Top 10 Matches	Displays the statistics on all protection rules that are triggered in a specific time range. Protected Object: displays the top 10 protected objects that trigger protection rules the highest number of times. The protected objects are listed in descending order of the number of times that the protected objects trigger protection rules. Note This parameter is available only if you query the data of all protected objects. Protection Rule Type: displays the top 10 protection modules that are triggered the highest number of times. The protection modules are listed in descending order of the number of times that the protection modules are triggered. Rule ID: displays the IDs of the top 10 protection rules that are matched the highest number of times. The IDs are listed in descending order of the number of times that the protection rules are matched.	Click Protected Object, Protection Rule Type, or Rule ID to view the corresponding data.

Traffic data

On the Traffic tab of the Overview page, you can view the overall traffic data.

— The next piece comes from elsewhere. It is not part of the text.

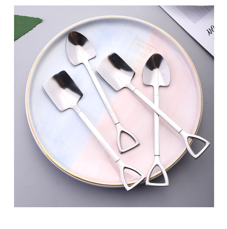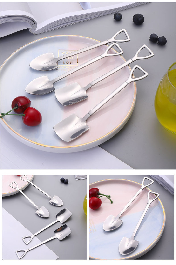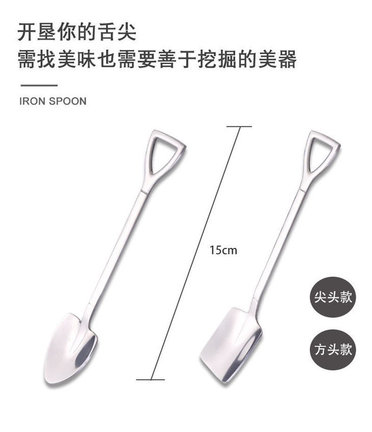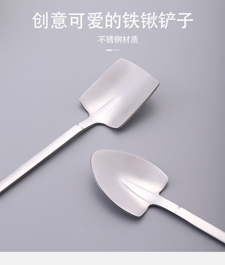 【拍1发4】创意410不锈钢西瓜勺铁锹铲甜品勺子冰淇淋雪糕勺-W仓
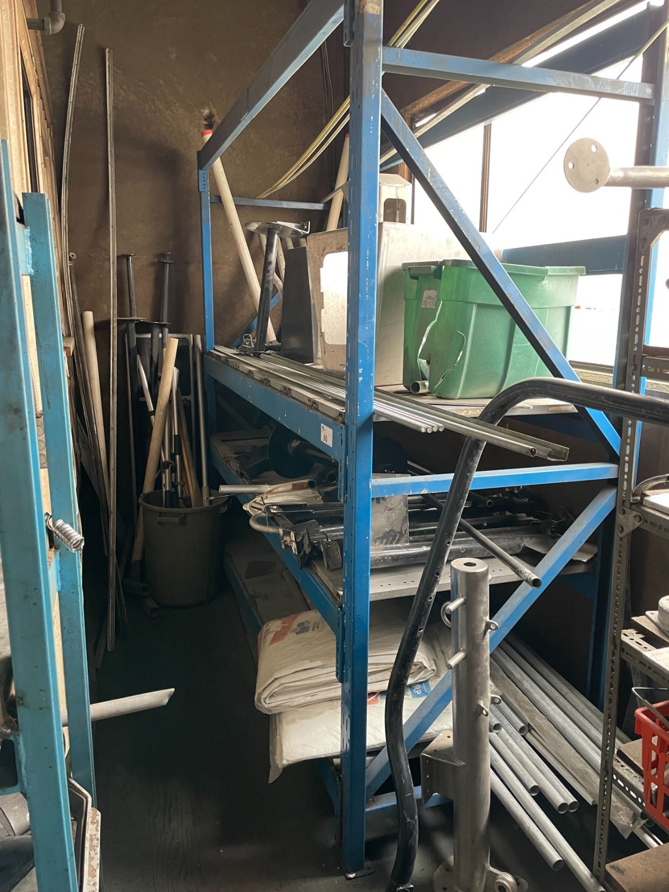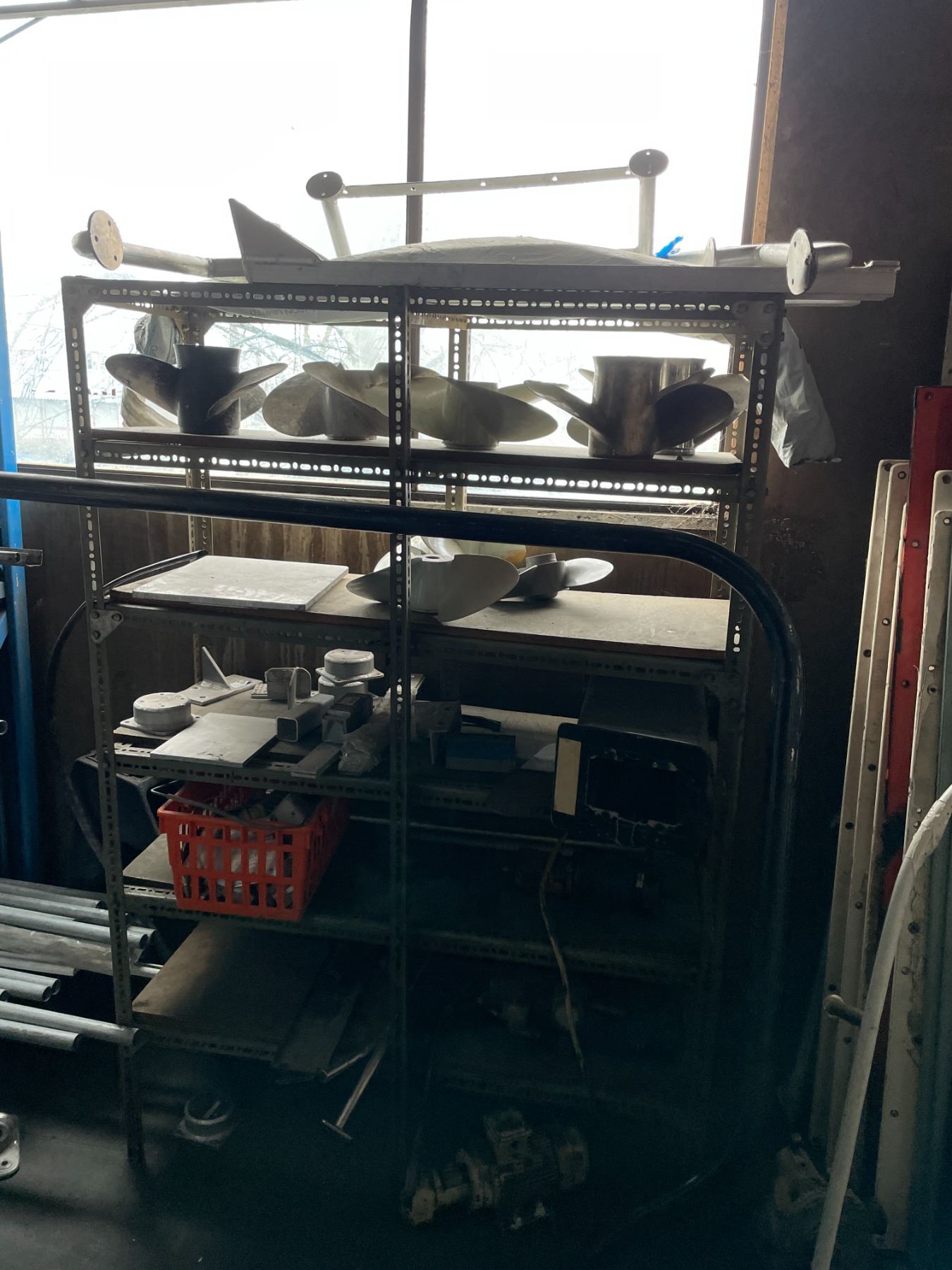 CONTENTS OF UPPER MEZZANINE CORNER INCLUDING: ASSORTED METAL, PROPELLERS, BOAT PARTS, 2 SHELVES & CONTENTS OF UPPER LUNCHROOM (SHELVES NOT INCLUDED)

Data type	Description	Supported operation
Requests	Displays the trend of requests that are received by the protected object in a specific time range in a line chart.	Move the pointer over a point in the line chart to view the data at the corresponding point in time.
QPS	Displays the trend of QPS for requests that are received by the protected object in a specific time range in a line chart.	Move the pointer over a point in the line chart to view the data at the corresponding point in time. In the upper-right corner of the line chart, you can click Average-value Chart or Peak-value Chart to switch between the average QPS and peak QPS. If the peak QPS of a WAF instance exceeds the QPS limit of the WAF instance for 5 minutes, the event is recorded as a QPS excess event. If multiple QPS excess events occur on the same day, only one QPS excess event is recorded. If four QPS excess events are recorded, the WAF instance is added to a sandbox. For more information, see Sandbox overview.
Bandwidth	Displays the trends of the inbound bandwidth and outbound bandwidth of the protected object in a specific time range in a line chart. Unit: bit/s.	Move the pointer over a point in the line chart to view the data at the corresponding point in time.
Status Code	Displays the trends of the number of HTTP status codes in a specific time range in a line chart. The HTTP status codes can be returned by WAF to clients (WAF to Client) or returned by origin servers to WAF (Origin Server to WAF). The HTTP status codes include 5XX, 405, 499, 302, and 444.	Move the pointer over a point in the line chart to view the data at the corresponding point in time.
Top 10 Access Statistics	Displays the statistics on the requests that are received by protected objects in a specific time range. Protected Object: displays the top 10 protected objects that receive the highest number of requests. The protected objects are listed in descending order of the number of requests. Note This parameter is supported only if you query the data of all protected objects. IP Address: displays the top 10 source IP addresses of requests. The IP addresses are listed in descending order of the number of requests. User-Agent Header: displays the top 10 User-Agent strings that are included in requests the highest number of times. The User-Agent strings are listed in descending order of the number of requests.	Click Protected Object, IP Address, or User-Agent Header to view the corresponding data.